■ YOUR INSTRUCTIONS:
Please reproduce all of the data below exactly, leaving each picture out.

BEGIN DATA LISTING

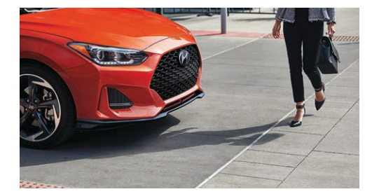
Forward Collision-Avoidance Assist with Pedestrian Detection
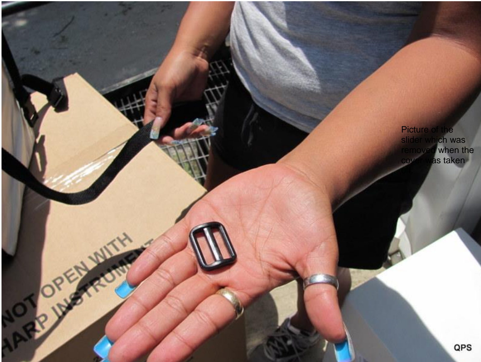
Picture of the slider which was removed when the cover was taken
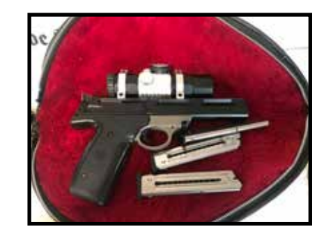
S/W Model 22 A-1, 22 LR semiauto w/Leupold scope w/3 clips

- Wischo - K.G. Eriangen, German 25 cal, 6.36mm sm, SN 25014
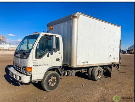
2004 ISUZU NPR S/A BOX TRUCK, DIESEL
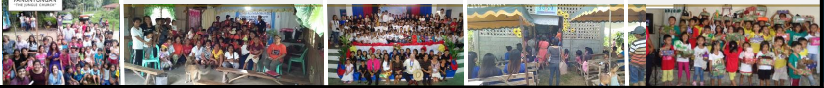
BANGKAL OCEAN PENAPLATA PANUNTUNGAN THE JUNGLE CHURCH

END DATA LISTING

■ TASK RESULT:
Forward Collision-Avoidance Assist with Pedestrian Detection
Picture of the slider which was removed when the cover was taken
S/W Model 22 A-1, 22 LR semiauto w/Leupold scope w/3 clips

- Wischo - K.G. Eriangen, German 25 cal, 6.36mm sm, SN 25014
2004 ISUZU NPR S/A BOX TRUCK, DIESEL
BANGKAL OCEAN PENAPLATA PANUNTUNGAN THE JUNGLE CHURCH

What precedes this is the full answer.